(Material shown Opens)
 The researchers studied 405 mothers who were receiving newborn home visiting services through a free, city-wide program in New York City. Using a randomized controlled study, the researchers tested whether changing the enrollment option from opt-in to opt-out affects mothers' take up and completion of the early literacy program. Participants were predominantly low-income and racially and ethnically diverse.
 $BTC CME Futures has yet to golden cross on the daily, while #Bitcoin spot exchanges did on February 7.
(Material shown Closes)
(Material shown Opens)
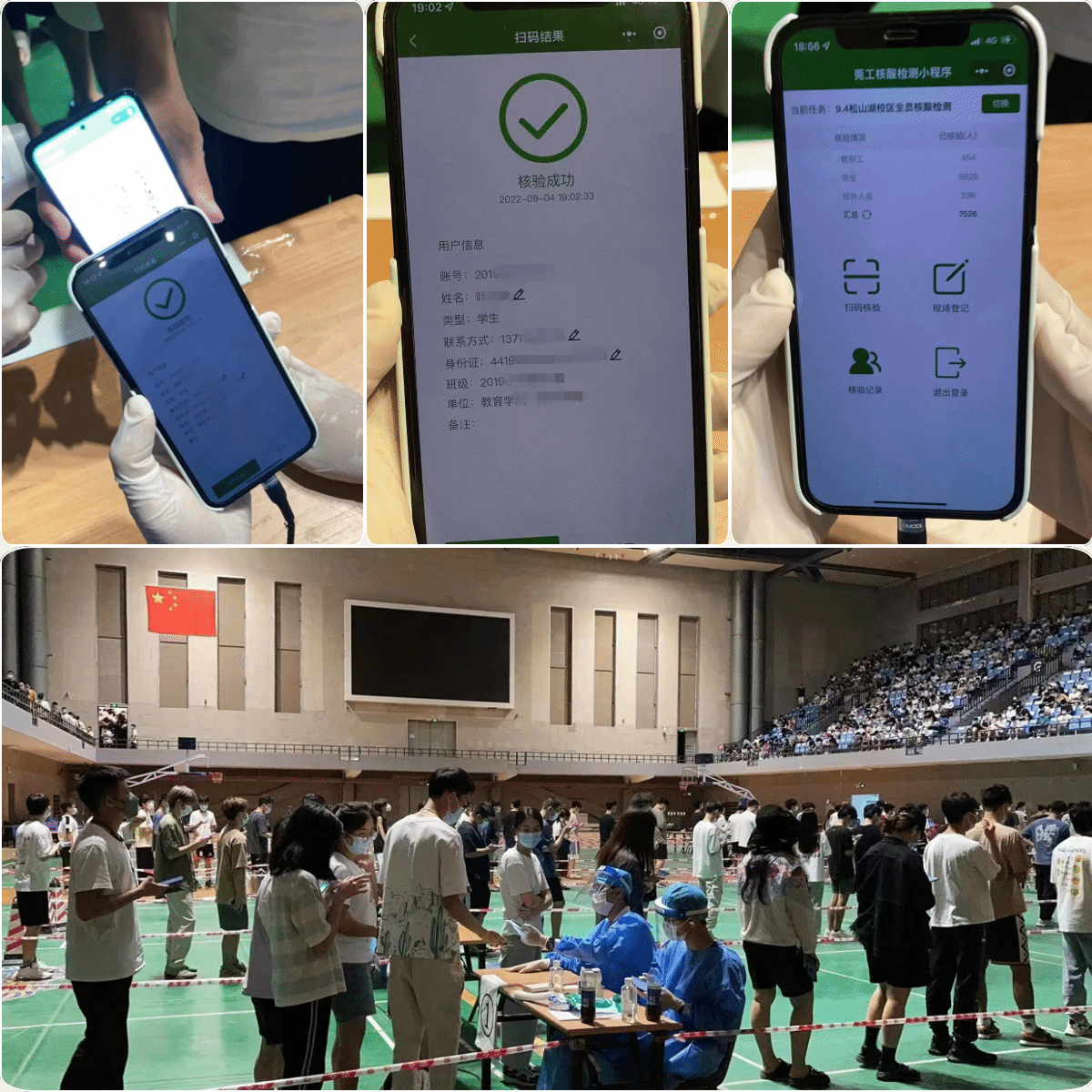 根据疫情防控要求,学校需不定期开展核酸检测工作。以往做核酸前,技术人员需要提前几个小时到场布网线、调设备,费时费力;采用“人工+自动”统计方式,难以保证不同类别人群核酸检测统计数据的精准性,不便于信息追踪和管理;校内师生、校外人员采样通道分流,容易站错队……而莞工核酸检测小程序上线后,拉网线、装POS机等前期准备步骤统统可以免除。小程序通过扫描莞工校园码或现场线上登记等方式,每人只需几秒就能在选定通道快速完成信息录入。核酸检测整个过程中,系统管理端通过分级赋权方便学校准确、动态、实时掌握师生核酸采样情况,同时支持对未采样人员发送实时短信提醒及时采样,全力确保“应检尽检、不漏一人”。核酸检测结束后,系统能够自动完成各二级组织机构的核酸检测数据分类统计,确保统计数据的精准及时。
(Material shown Closes)
What is expected = Above is a listing; print exactly its lines from the one with "The researchers studied" through the one with "on February 7.", and no other lines.

Written reply =
 The researchers studied 405 mothers who were receiving newborn home visiting services through a free, city-wide program in New York City. Using a randomized controlled study, the researchers tested whether changing the enrollment option from opt-in to opt-out affects mothers' take up and completion of the early literacy program. Participants were predominantly low-income and racially and ethnically diverse.
 $BTC CME Futures has yet to golden cross on the daily, while #Bitcoin spot exchanges did on February 7.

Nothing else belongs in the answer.